The capital expenditures in 2007 were $14.2 million, which included $4.9 million relating to the expansion of our Stoughton, Wisconsin facility and the transfer of our instant Cream of Wheat production into that facility, and $4.8 million for the recently completed relocation of our Underwood manufacturing line from the third party co-packer to the Portland, Maine facility. We continue to foresee modest capital expenditure requirements in the future expect for an additional $7.6 million of planned capital spending in the first half of 2008 relating to the completion of the Cream of Wheat production transfer.

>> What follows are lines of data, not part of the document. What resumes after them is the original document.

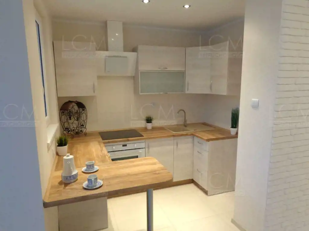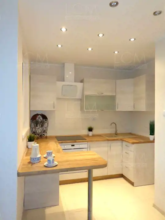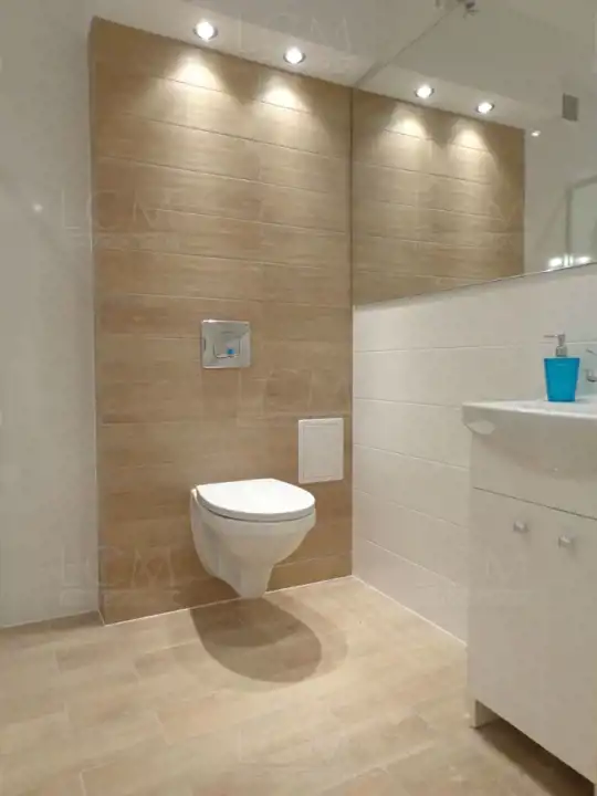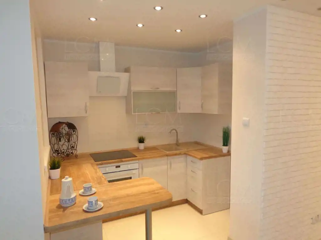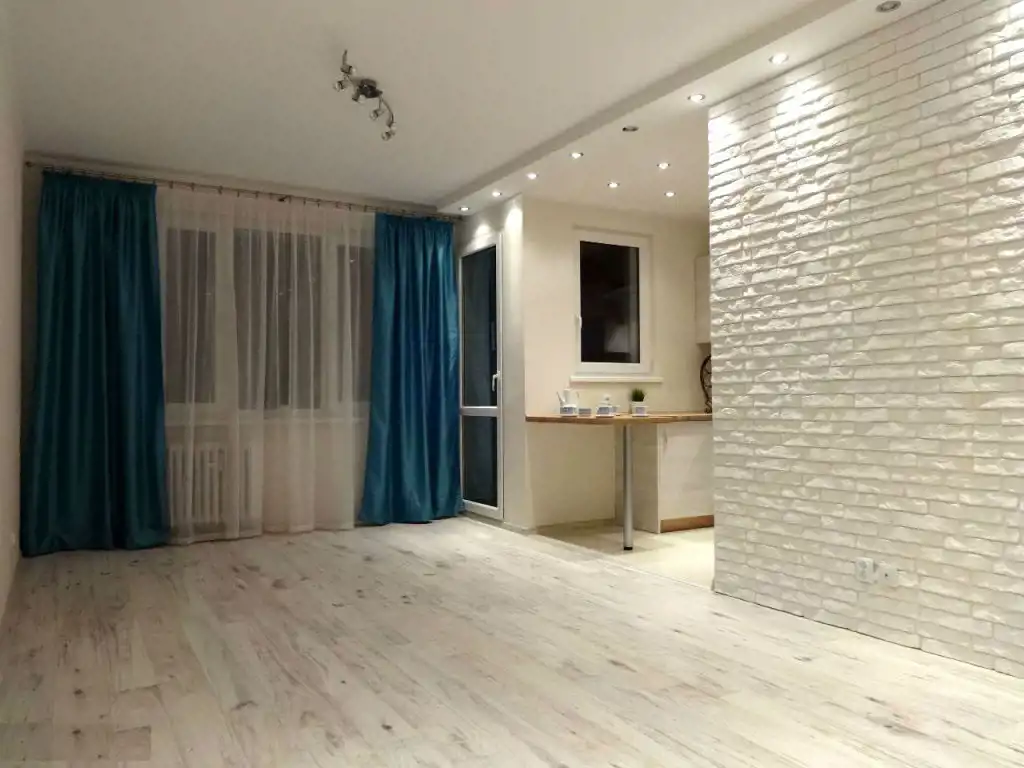 Wymienione zostały wszystkie instalacje. Na podłogach położone zostały panele. Na ścianach gładzie oraz ozdobny kamień. Sufity podwieszane z ledowym oświetleniem. Łazienka z WC w nowoczesnej glazurze i terakocie. Kuchnia także w glazurze i terakocie, z ładną zabudową kuchenną w stonowanych barwach.
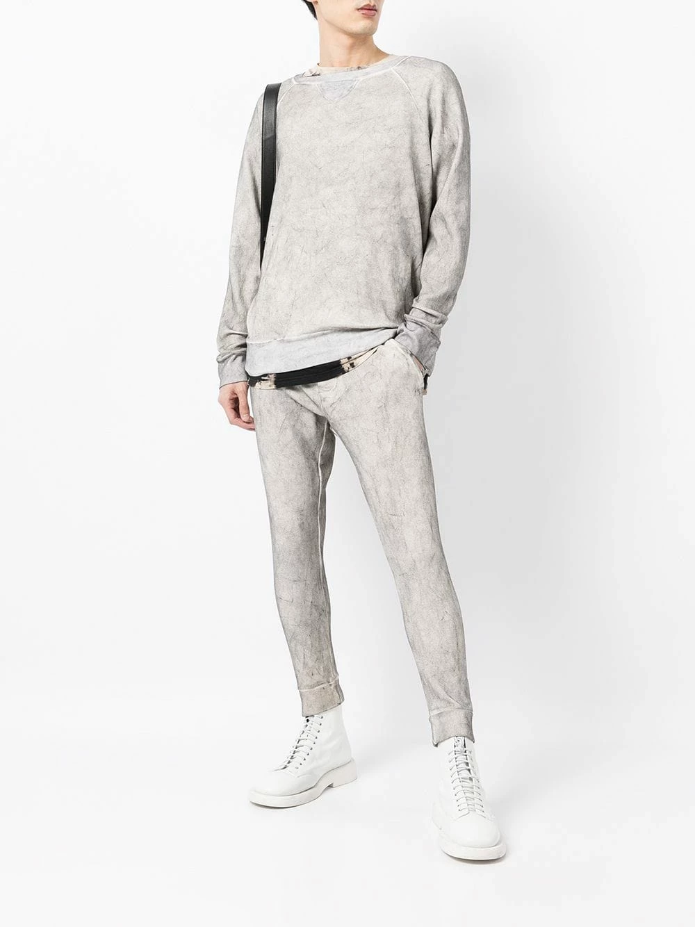 Ceinture élastique, coupe droite, poignets nervurés. Couleur : gris. Matière : coton.
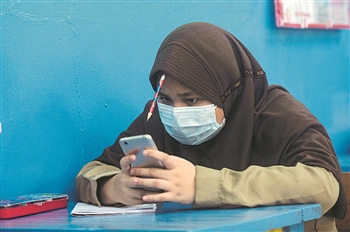 6月9日,印度尼西亚雅加达一所小学的学生戴着口罩参加期末考试。在确保防疫要求的前提下,雅加达的部分学校正在逐步恢复线下教学活动。 新华社发(阿贡 摄)
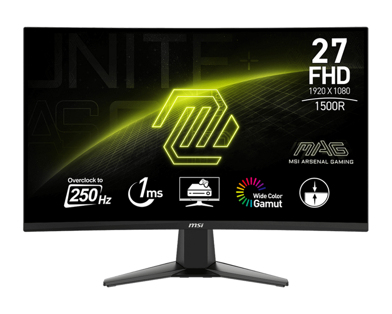 Équipé d'une dalle VA incurvée (1500R) de 27 pouces FHD (1920 x 1080), d'un taux de rafraîchissement de 250 Hz (OC) et d'un temps de réponse de seulement 1 ms, l'écran gaming incurvé MAG 27C6X offre un avantage compétitif sur la plupart des adversaires. Le MAG 27C6X dispose d'un support inclinable ainsi que de la technologie Adaptive-Sync, qui synchronise les taux de rafraîchissement de l'écran et de la carte graphique pour un gameplay ultra-fluide.
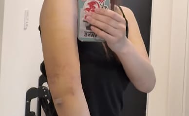 腕は、こんな感じで黄色く内出血が出ています。
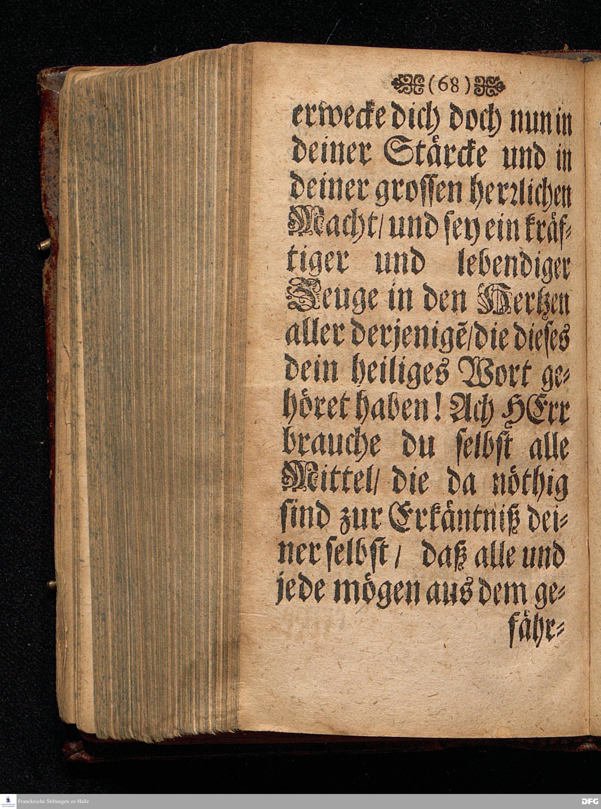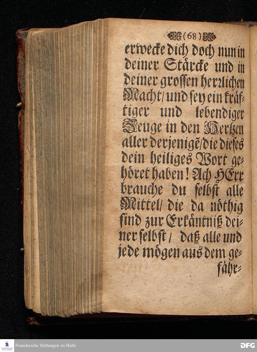 Die Gefährlichkeit des Schlaffs der Sicherheit / Am V.Sonntag nach Epiphan. ANNO 1698 In einer Predigt Aus dem Evangelio Matth.XIII. v.24--30. In der St.Georgen=Kirche zu Glaucha an Halle vorgestellet / von August Hermann Francken / S.S.Theol.Profess.P.Ordin.& Past.Glauch. HALLE / Druckts Christian Henckel / Univ.Buchdrucker.
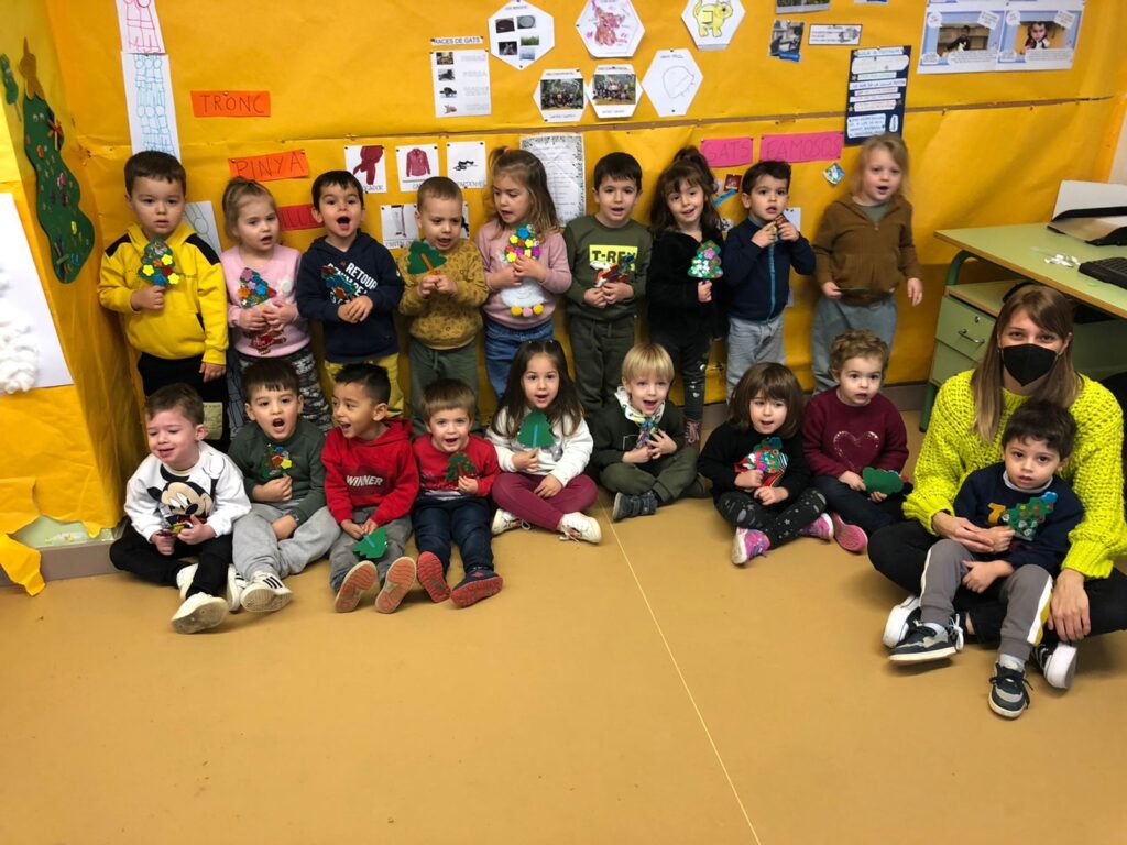 El dimarts 21 de desembre, la classe de les gates i els gats vam tenir una visita molt especial: la família del Bruno van venir a celebrar el seu aniversari. La Noèlia, la seva mare, va preparar un arbre de Nadal molt gran i el vam decorar amb gomets de diferents colors, adhesius nadalencs, unes estrelles brillants, ulls que es mouen… Cadascú va posar un motiu nadalenc a l’arbre i després en vam elaborar un individualment per casa nostra. El resultat van ser uns arbres ben macos, divertits i ben diferents!
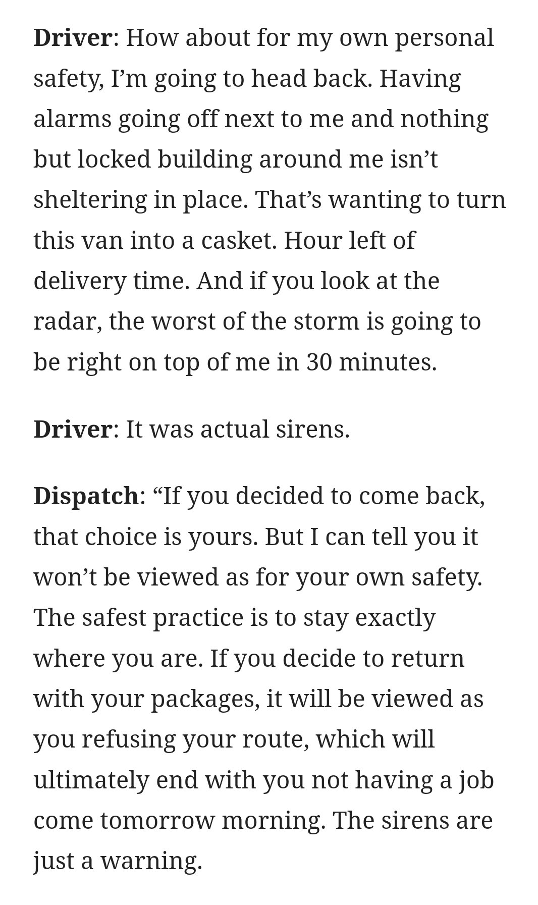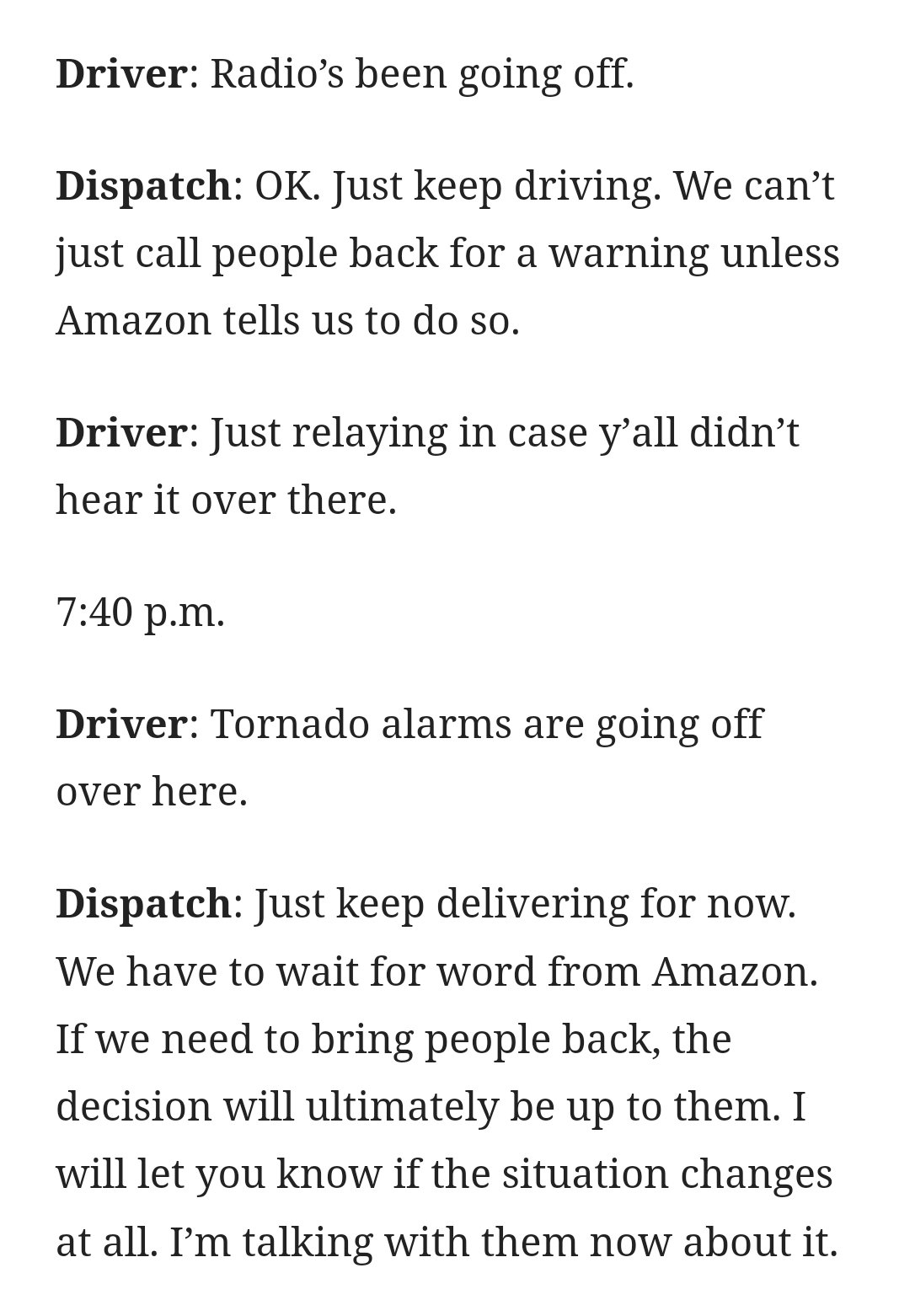 Some texts from an Amazon driver and dispatch during the Illinois tornado.

Turning now to the fourth quarter of 2007, net sales increased $21.2 million or 19% to $132.4 million for the fourth quarter of 2007 compared to $111.2 million for the fourth quarter of 2006. The Cream of Wheat acquisition accounted for $20 million of the net sales increase, offset by a decrease in net sales of $0.6 million relating to the termination of a temporary co-packing arrangement.

Excluding the impact of Cream of Wheat acquisition and the termination of the temporary co-packing agreement, net sales increased $1.8 million in sales price and unit volume. Net sales of Cream of Wheat products for the fourth quarter of 2007 increased $2.4 million, or 13.8%, as compared to net sales during the fourth quarter of 2006 under the brand's prior owner.